The calculations show the lightly-mined states of South Australia and Tasmania little affected, losing less than 1 per cent of state output and Victoria only mildly hit, losing 2.5 per cent. Even iron ore and gas rich Western Australia escapes more lightly than NSW, losing 2.75 per cent of state output.

Although large by 2050, the differences between the states are tiny year by year. Officials who worked on the Treasury modelling say the annual impact every state will be close to 0.1 per cent, which is the national impact.

Treasury has made what appears to be a heroic assumption that there will soon be a global carbon price. But it has done no more than assume world leaders will keep to the “less ambitious end” of the pledges they have already made. That assumption itself depresses, the ‘starting point’ for the Treasury’s analysis, but not by much. Treasury says it will take the world 16 months longer to reach the combined income it would had by 2050.

Compared to this slightly depressed world outlook Australia’s outlook will be every-so-slightly more depressed, but not so you would notice on a graph... The Treasury has drawn two lines, with and without carbon pricing, that touch.
“The changes to the Australian economy from pricing carbon are small by historical standards and small compared to the changes we are already seeing in our economy as it adjusts to accommodate the pressures of Mining Boom Mark II,” the document says.

“Gross national income has risen more than 30 per cent over the past seven years. In contrast, pricing carbon will only slightly slow growth in Australian income per person so it is about half a percentage point below where it would have otherwise been in 2020.”

Consumer prices will jump 0.7 per cent in 2012-13, much less than the 2.5 per cent increase that followed the goods and services tax. Treasurer Swan said the Treasury modellers were the most professional in the business, the same people who had correctly forecast the effect of the Coalition’s GST.

Prices will jump again by a further further 0.2 per cent on the transition to a emissions trading system in 2015-16. Combined, the impact on average household spending will amount to $13.40 per week, much of it from a $4.20 increase in the price of electricity.
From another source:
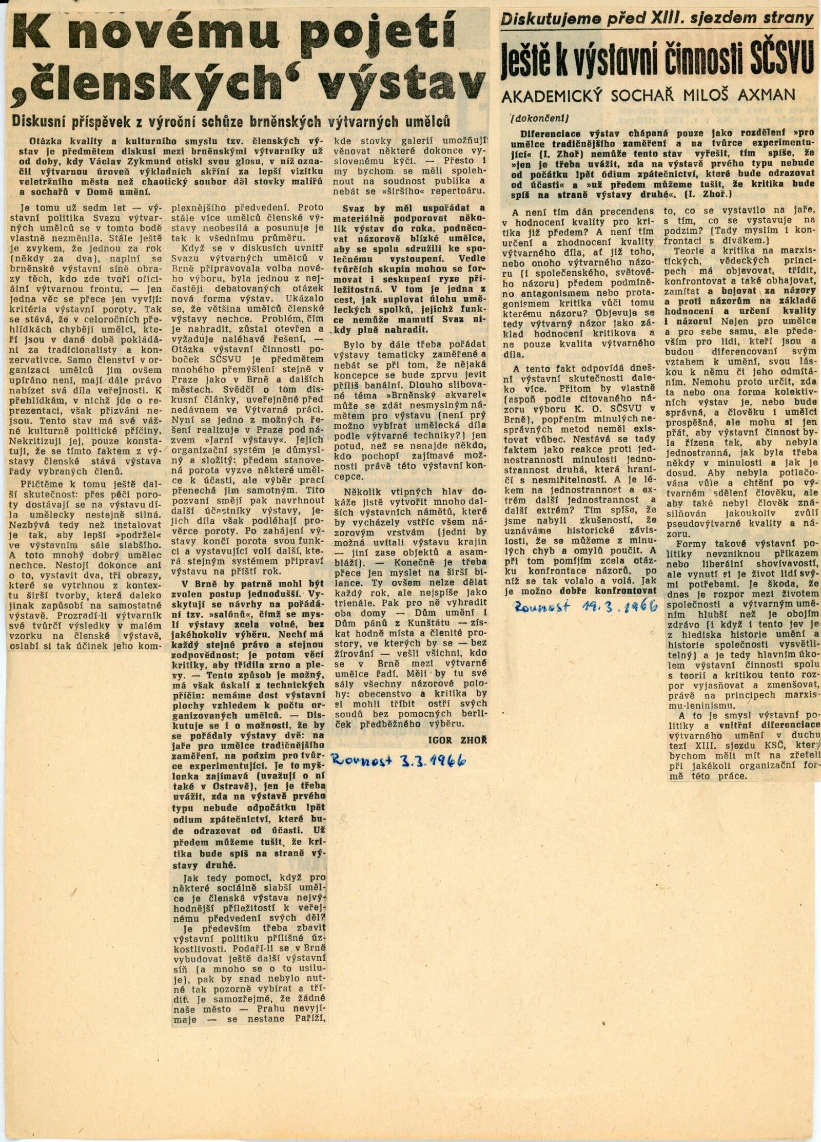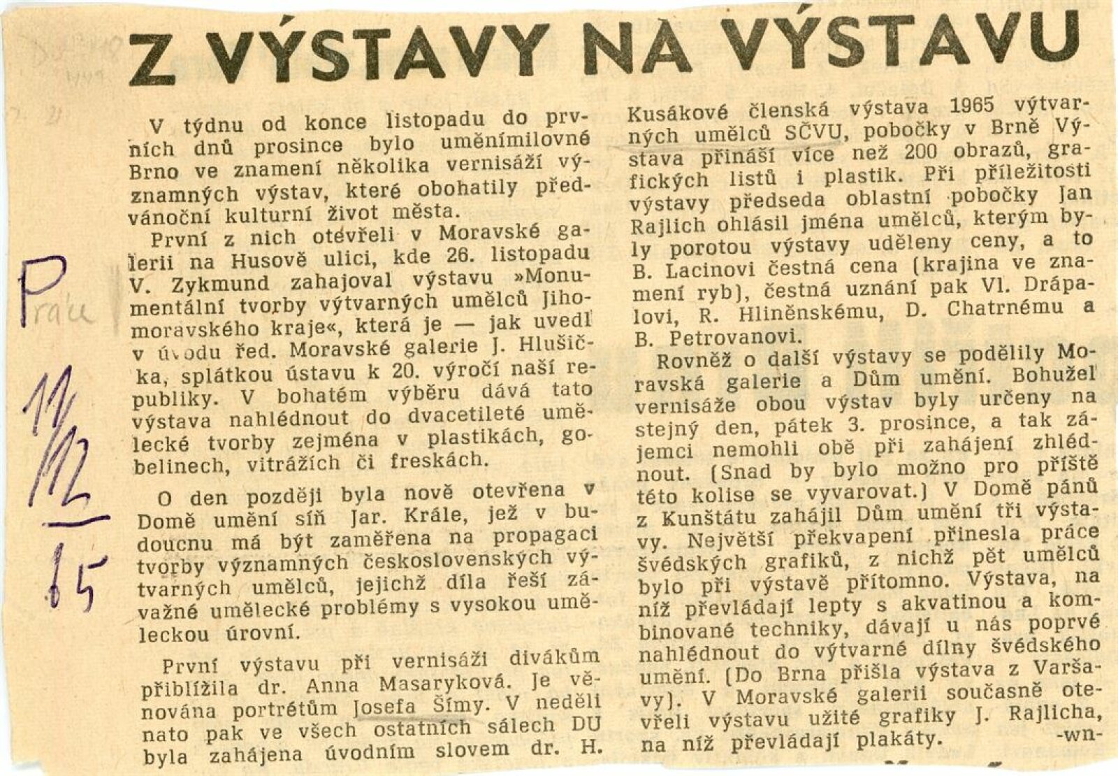Členská výstava oblastní pobočky Svazu československých výtvarných umělců v Brně: Dům umění Brno, 28. 11. 1965 – 3. 1. 1966 / Text: Helena Kusáková-Knozová. – Brno: SČSVU, 1966. – 28 s., obr., životní data vystavujících, DU 449. – Kubíček 7533; MZK; MG

The average food bill will climb $1.10 per week.

Employment will grow by around 1.6 million people by 2020 and a further 4.4 million by 2050 with or without a carbon tax. Although some industries will grow faster than they would have and others slower the changes will be “small compared to the usual churning of employment between firms and industries every year”.

The Treasury forecasts assume a carbon price of $20 per tonne, somewhat lower than the $23 price the government adopted. A separate set of forecasts based on a $30 per tonne price produces similar results.

The forecasts take no account of the economic benefits of reducing global emissions and so can best be thought of as an estimate of the costs.

The net cost to the budget is relatively small - $3.8 billion over four years. Adjustments to the timing of payments ensures the cost to the budget will be just $475 million in 2012-13, the year the government plans to return the budget to surplus.